Factoring and Security

So I’m taking this awesome class this semester, Computer and Network Security, taught by Prof. Ron Rivest, and today the class talked a bit about the history of cryptography and security. After lecture, I felt the need to do a more in-depth research of various number theory proofs and concepts that are the foundations of cryptography and here’s the result of that. I’ve also been doing quite a bit of application building over the past couple of weeks so this is certainly a nice switch back to theory.

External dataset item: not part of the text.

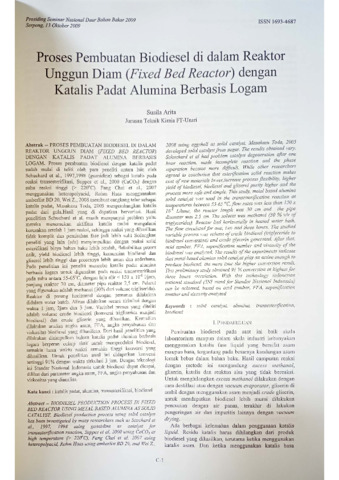 Proses pembuatan biodiesel dengan katalis padat sudah mulai di teliti oleh para peneliti antara lain oleh Schuchard et al., 1997,1998 (guanidine) sebagai katalis pada reaksi transesterifikasi, Suppes et al., 2000 (CaCO3) dengan suhu reaksi tinggi (> 220°℃). Fang Chai et al., 2007 menggunakan heteropolyacid, Rohm Haas mengguanakan amberlist BD 20, Wei Z., 2008 membuat cangkang telur sebagai katalis padat, Masakazu Toda, 2005 mengembangkan katalis padat dari gula. Hasil yang di dapatkan bervariasi. Hasil penelitian Schuchard et al. masih mempunyai problem yaitu mereka menemukan aktifitas katalis mulai mengalami kerusakan setelah 1 jam reaksi, sehingga reaksi yang dihasilkan tidak komplit dan pemisahan fase jadi lebih sulit Sedangkan peneliti yang lain (sda) menyimpulkan dengan reaksi solidesterifikasi biaya bahan baku lebih rendah, fleksibilitas prosesnaik, yield biodiesel lebih tinggi, kemurnian biodiesel dangliserol lebih tinggi dan prosesnya lebih aman dan sederhana. Pada penelitian ini peneliti mencoba katalis padat alumina berbasis logam untuk digunakan pada reaksi transesterifikasi pada suhu antara 55-65°C, dengan laju alir < 150 x 10° l/jam, panjang reaktor 30 cm, diameter pipa reaktor 2,5 em. Pelarut yang digunakan adalah methanol (30% dari volume trigliserida). Reaktor di pasang horizontal dengan pemanas dilakukan didalam water batch. Aliran dilakukan secara sirkulasi dengan waktu 1 jam, 2 jam dan 3 jam. Variabel proses yang diteliti adalah volume crude biodiesel (konversi trigliserida menjadi blodiesel) dan crude gliserin yang dihasilkan. Kemudian dilakukan analisa angka asam, FFA, angka penyabunan dan viskositas biodiesel yang dihasilkan. Dari hasil penelitian yang dilakukan disimpulkan bahwa katalis padat alumina berbasis logem berperan cukup aktif untuk memproduksi biodiesel, seakin lama waktu reaksi semakin tinggi konversi yang dihasilkan. Untuk penelitian awal ini didapatkan konversilungwal 91'% dengan waktu sirkulasi 3 jam. Dengan teknologi ini Standar Nasional Indonesia untuk biodiesel dapat dicapai, dilihat dari parameter angka asan, FFA, angka penyabunan dan Viskositas yang dianalisa.

To set the basis for modern cryptography, we need to know that:

  • There are an infinite number of prime numbers. The proof is very straightforward.
    We may prove by contradiction. We assume that we only have a finite set of primes given by P = \left\{p_0, p_1,...p_n\right\}. Then, we can create another number, M, such that M = \prod\limits_{n\in M}n + 1. Given our assumption that we know all of the finite primes in the universe, M must be composite. Therefore, some prime in P must divide M. However, this is not possible because that would imply that some prime in P also divides 1. Therefore, either another prime \not\in P divides M or M is a prime. Both of these possibilities contradict our assumption. QED

But how does knowing this lead to better cryptographic systems? Well, this knowledge wouldn’t have as much weight if the RSA algorithm didn’t exist. The RSA algorithm is an example of what is known as public key cryptography. Public key cryptography is a simple scheme where someone named Alice can set a public key, PK_A that others can use to encrypt a message, M, and this encrypted message, C to Alice: C = PK_A(M). Alice can then use a separate key known as her secret key, SK_A to decrypt the encrypted message, C, back to M: M = SK_A(C).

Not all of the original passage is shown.